The couple said that this was probably due not only to the anti-Japan movements in 2012, and the subsequent anti-Japan advertising, but more due to families moving away with parents thinking about their children’s health. They also said that, seeing the lack of effort in the Chinese government, Beijing’s air pollution is not a ‘natural disaster’, but a ‘man-made disaster’.
There are many examples of anti-pollution measures in other countries around the world. In England 1952, over 10 thousand people died due to the Great Smog. The overuse of coal caused the deaths, and since 1954, many air pollution control laws have been enforced. In Japan during its high economic growth periods, many people were diagnosed with diseases caused by air pollution such as Yokkaichi asthma, itai-itai disease, and Minamata disease, and the government responded through issuing related bills, consequently reducing damages.

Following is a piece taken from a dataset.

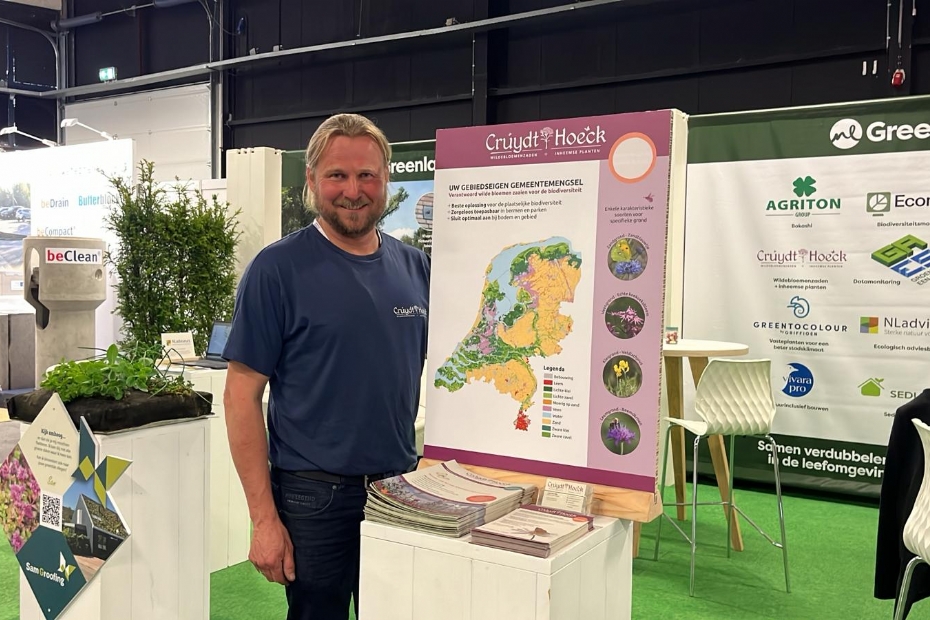 Jasper Helmantel van Cruydt Hoeck staat op de gezamenlijke stand van NL Greenlabel aandacht te vragen voor hun gebiedseigen gemeentemengsel voor biodiversiteitsherstel. 'Wij willen gemeenten op dit gebied compleet ontzorgen. We zien dat gemeenten de wil en het budget bestaat, maar vaak niet de kennis en de tijd. Daar komen wij in beeld.'
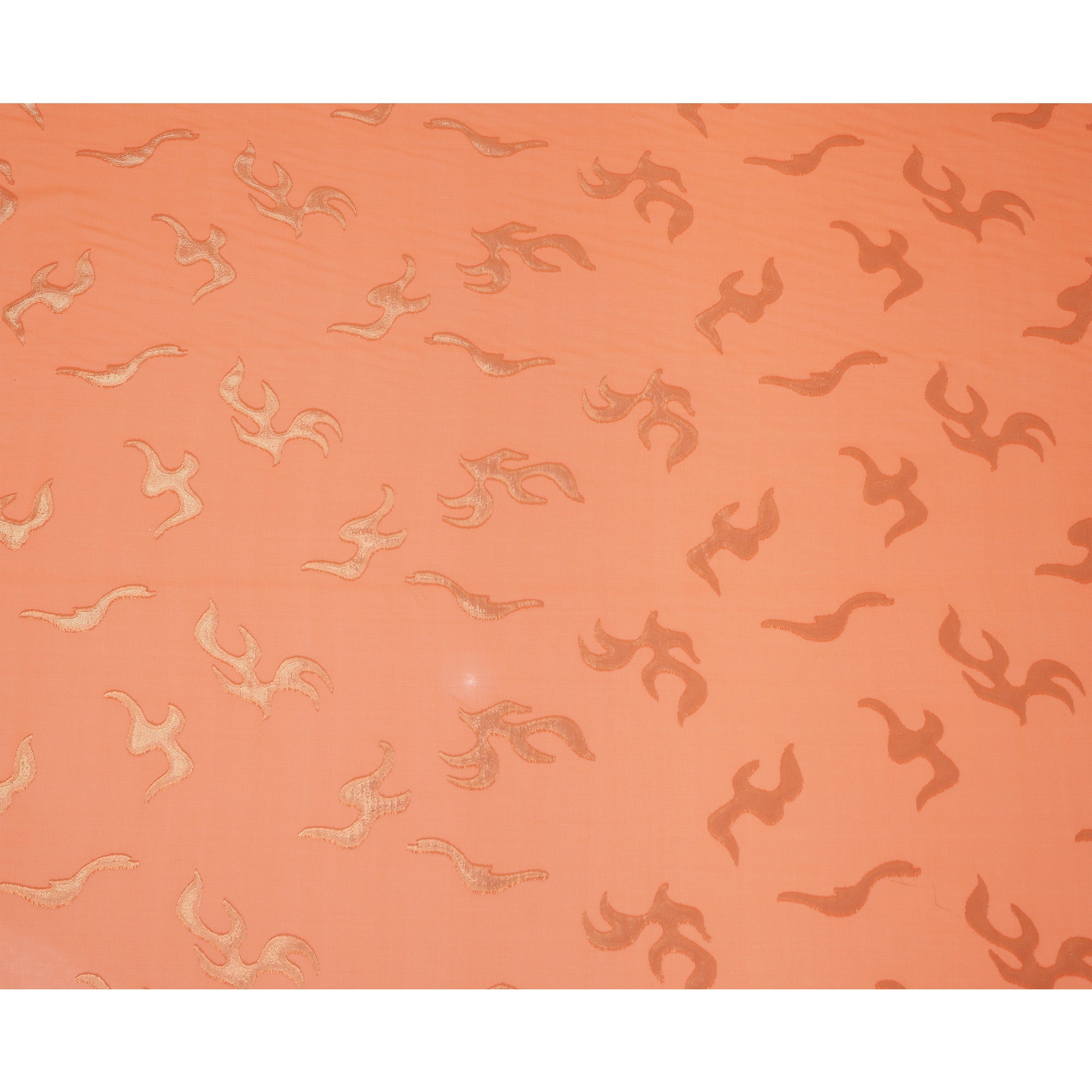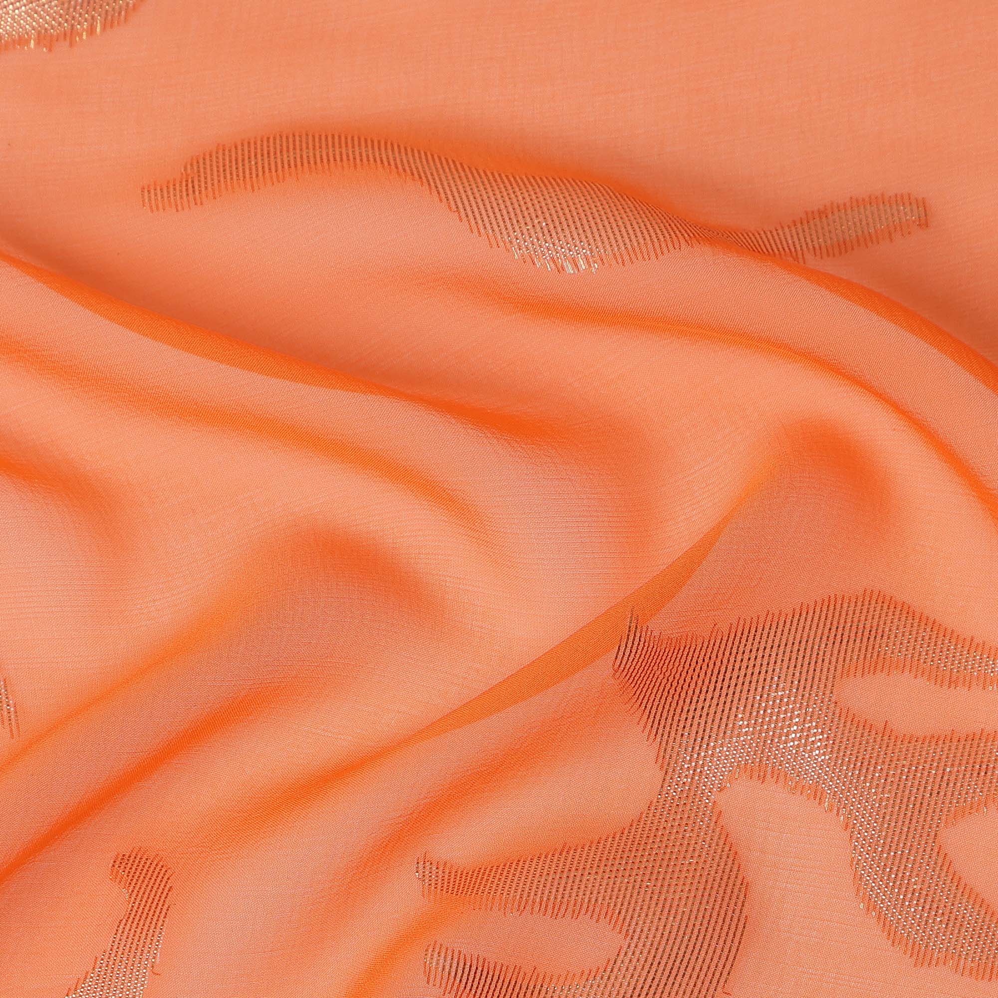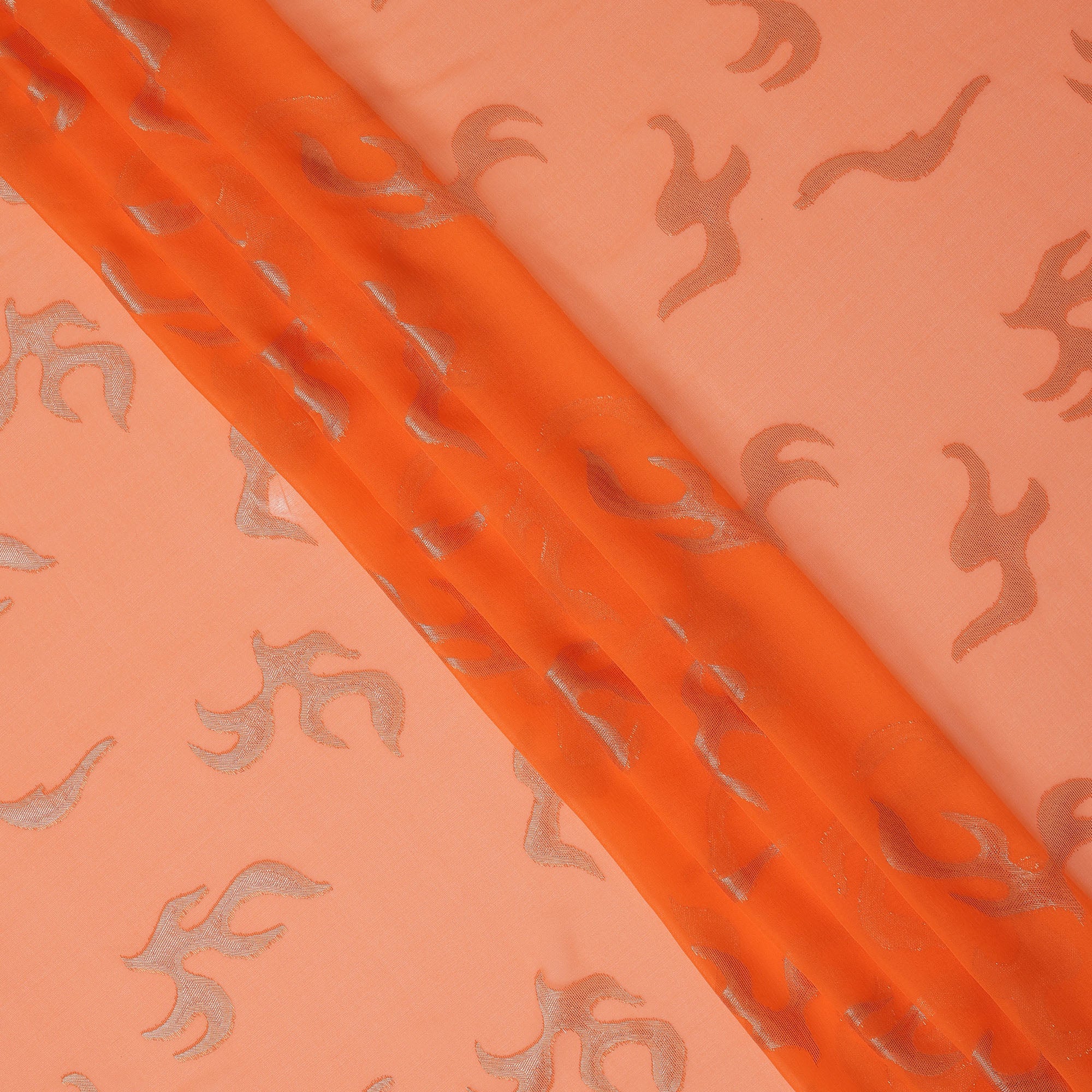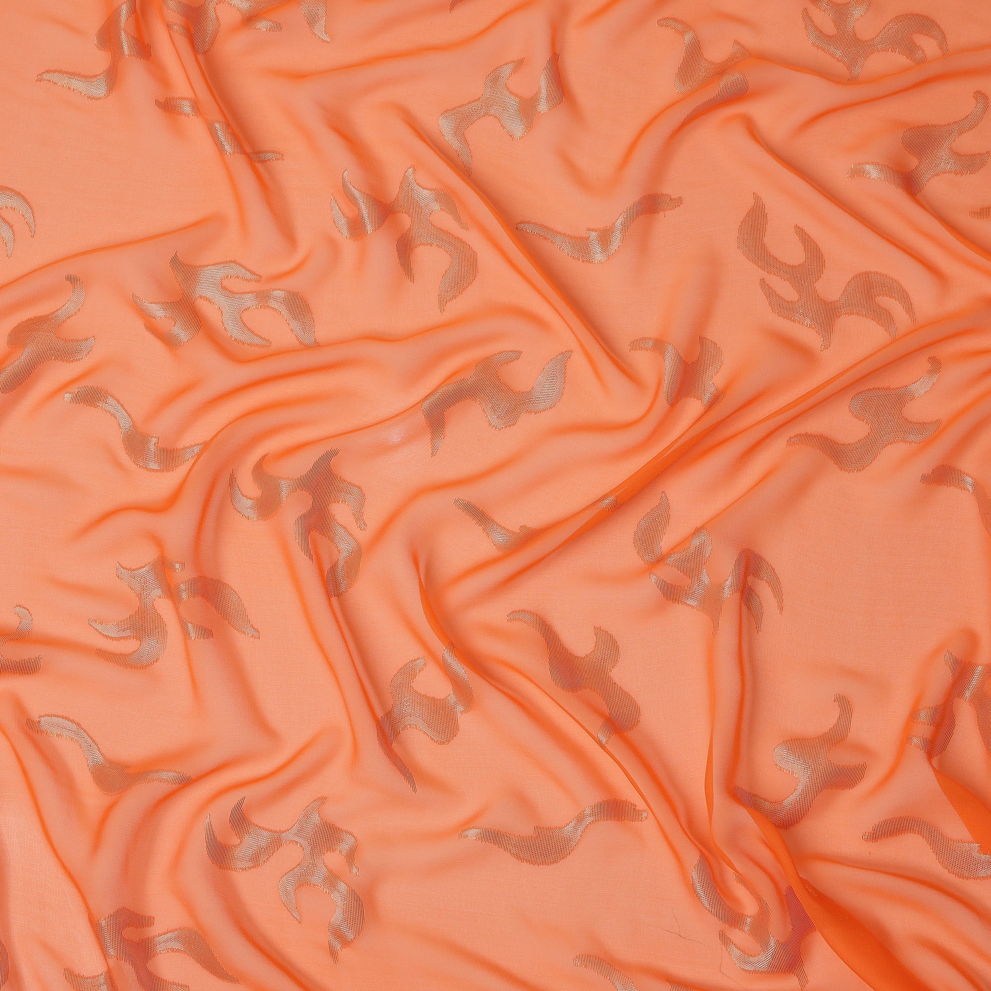 Peach Orange Abstract Metallic Lurex Design Premium French Silk Chiffon Fabric, 110 Cms Width, Made in France-D25731

In the case of China, it did not respond to the 2009 warning issued by the American Embassy on PM2.5. Unlike Western bloc nations, China’s leaders do not need elections, and thus they have no need to consider the will of the people. The air pollution issue is a reflection of the evils inherent in the absolute autocracy that the Communist Party of China has established.
If the Communist Party of China continues to disregard its people, Xi Jinping’s administration will indubitably see its downfall sooner or later.
Points in Focus:
- 4,300 people die each day due to the air pollution in China
- Air pollution has been affecting the weather in Beijing, causing an abnormal cold wave resulting in snow.
- China has no elections, and therefore the government does not reflect the will of its people. Consequently, urgent matters remain unresolved.